**DATA BLOCK**.
============================================================
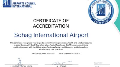نجح كل من مطارى "أسيوط وسوهاج " الدوليين فى تجديد شهادة " الاعتماد الصحى الدولى للسفر الآمن "
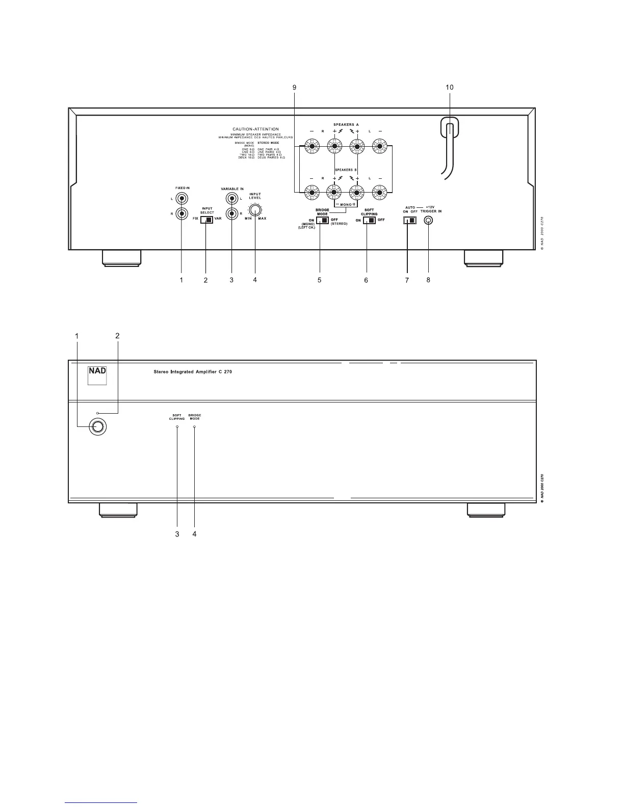NAD C270 - Rear Panel Connections; Front Panel Controls
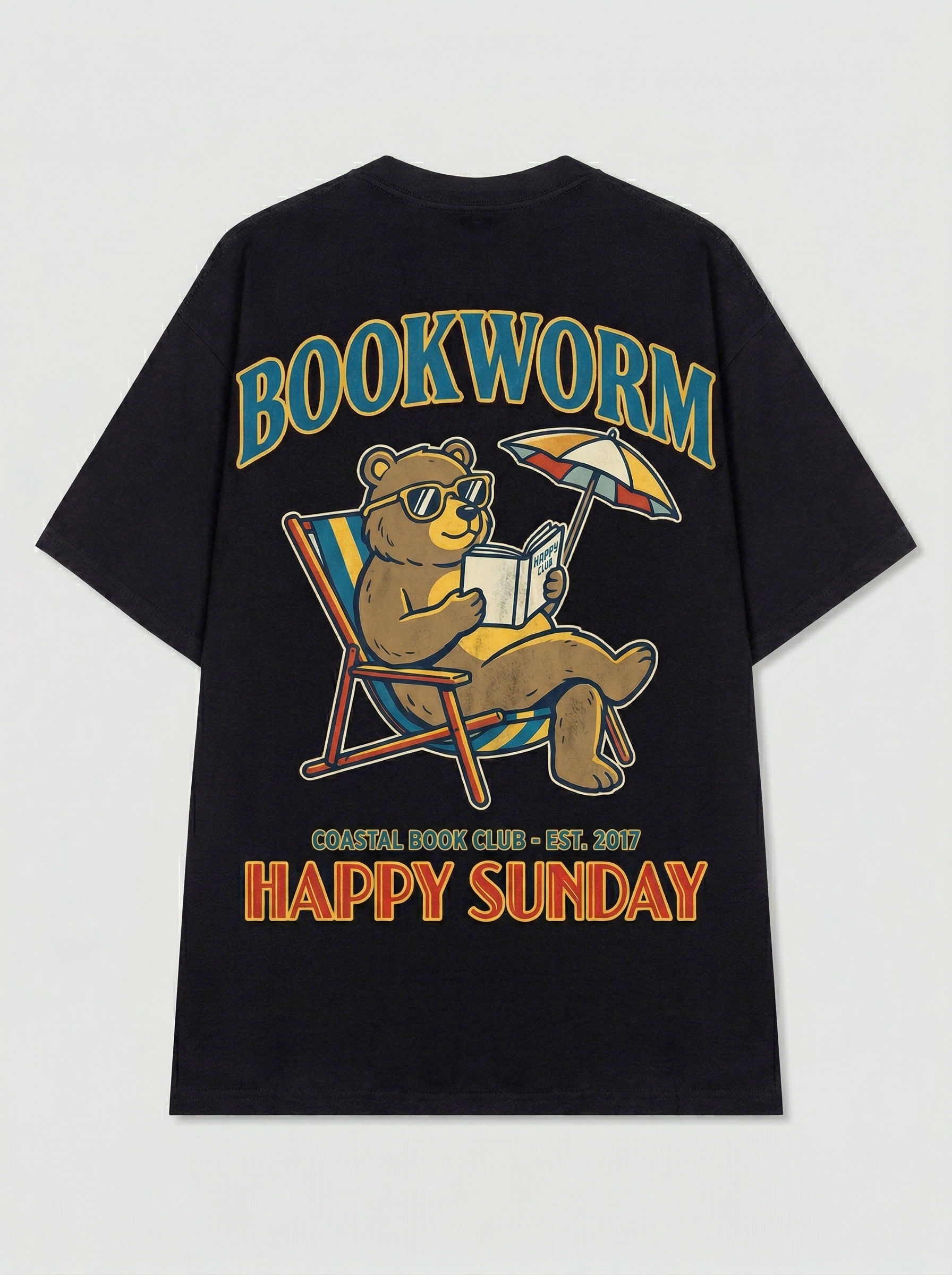 Bear Beach - Thiết kế độc quyền từ Happy Sunday. Chất liệu: Cotton Premium 250gsm, form oversize thoải mái. In ấn: Công nghệ in sắc nét, bền màu sau nhiều lần giặt. Phong cách: Streetwear hiện đại, dễ phối đồ.
============================================================
Restate the data above word for word, omitting every picture.

**EXERCISE OUTPUT**.
نجح كل من مطارى "أسيوط وسوهاج " الدوليين فى تجديد شهادة " الاعتماد الصحى الدولى للسفر الآمن "
NAD C270 - Rear Panel Connections; Front Panel Controls
 Bear Beach - Thiết kế độc quyền từ Happy Sunday. Chất liệu: Cotton Premium 250gsm, form oversize thoải mái. In ấn: Công nghệ in sắc nét, bền màu sau nhiều lần giặt. Phong cách: Streetwear hiện đại, dễ phối đồ.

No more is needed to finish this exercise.